La valeur classique pour un effluent urbain est plutôt située entre 2 et 2,5. Ce rapport élevé peut entraîner plusieurs types de dysfonctionnements, notamment une prolifération de mousses dans les bassins d’aération ou une perturbation du voile de boue dans les décanteurs secondaires. Notons que dans la plupart des bilans d’exploitation mensuels, ces problèmes sont constatés et des travaux sont demandés, notamment sur le collecteur arrivant à la station. L’observation de ces bilans nous montre bien qu’à l’heure actuelle, des améliorations doivent être apportées sur le réseau pour permettre à la station d’améliorer l’efficacité du traitement. La station ne pourra pas améliorer ses performances sans améliorations préalables en amont, sur le réseau. Les performances de traitement sont cependant globalement bonnes en ce qui concerne les mesures en DBO, DCO et MES. Par contre, l’azote et le phosphore ne peuvent pas être traités correctement dans le cadre de la filière mise en place sur cette station. Ces paramètres ne sont d’ailleurs pas mesurés. Ils devraient être suivis régulièrement afin de suivre le problème et prévoir une amélioration du traitement, avec probablement une réhabilitation de la filière.
Conclusion
Nous nous intéressons dans cet article à un cas de réutilisation en irrigation d’eaux usées traitées biologiquement et dont les rejets traités sont mélangés à des rejets industriels. Nous montrons en particulier que, à la demande des agriculteurs, les gestionnaires du traitement délivrent une eau traitée mais mélangée avec des substances toxiques d’origine industrielle, au risque de contaminer les sols, les plantes, les ouvriers agricoles et les consommateurs. Dans la région de Batna, des travaux de réhabilitation de la filière sont fortement recommandés, surtout pour ce qui concerne la qualité des eaux usées épurées, la séparation des rejets industriels des rejets domestiques et la réhabilitation de la station d’épuration.
Les valeurs mensuelles du rapport indicatif de biodégradabilité DCO/DBO sont élevées par rapport à la valeur contractuelle de 2,5 qui caractérise un rejet urbain biodégradable. Ceci est significatif et permet de dire que les rejets de la ville de Batna sont caractérisés par une prédominance de substances non domestiques, notamment des huiles industrielles et des hydrocarbures.
La mesure quotidienne de l’indice de Mohlman des boues activées a donné un indice moyen de 200 mg/ml (2150), ce qui confirme la perturbation du processus biologique et explique la formation de mousses biologiques abondantes dans le bassin d’aération. L’impact de cette mousse sur les eaux épurées est lié à la concentration en MES et DCO, toutes deux élevées en sortie de station.

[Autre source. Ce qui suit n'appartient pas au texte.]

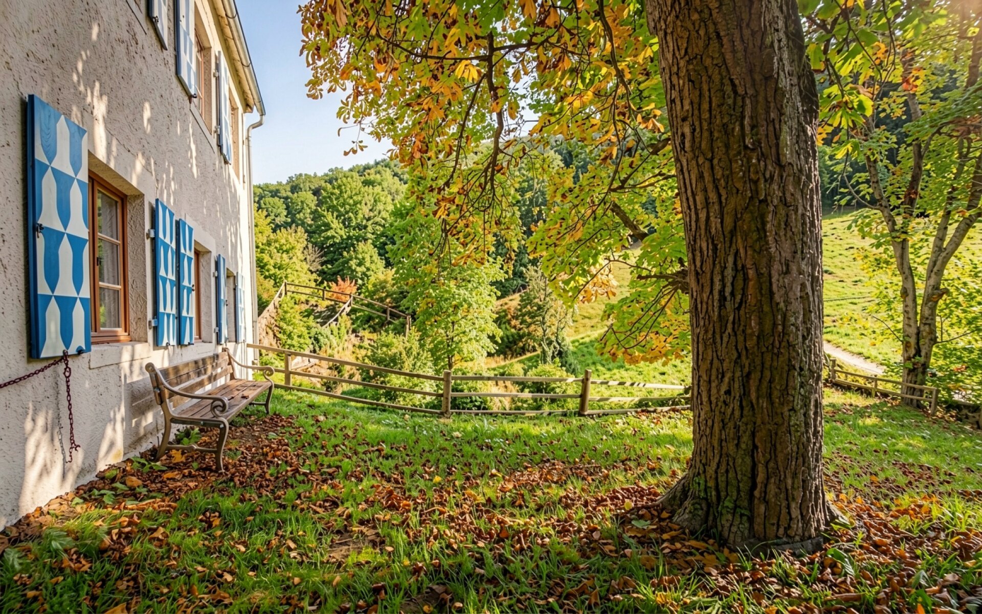Старый дом с синими ставнями осенью

Les émissions importantes de polluants industriels constatées dans la ville de Batna se retrouvent principalement à la sortie de quatre unités industrielles : ORAVIE, ENIPEC, ORLAIT, COTITEX. La plupart de ces entreprises ne possèdent pas leur propre station d’épuration mais rejettent dans la station d’épuration de la ville de Batna.
En se référant aux valeurs limites maximales des paramètres de déversement dans les émissaires naturels (Décret exécutif n° 93-160 et décret exécutif n° 06-141),
nous pouvons conclure que mis à part les températures et les pH, les concentrations des eaux provenant des industries énumérées dépassent les normes. Elles devaient par conséquent être préalablement traitées avant rejet.
Des traitements complémentaires, pour ajuster la qualité des eaux usées épurées, seraient nécessaires, une réhabilitation de la station d'épuration selon un procédé plus classique d'aération prolongée avec une nitrification-dénitrification poussée serait judicieuse.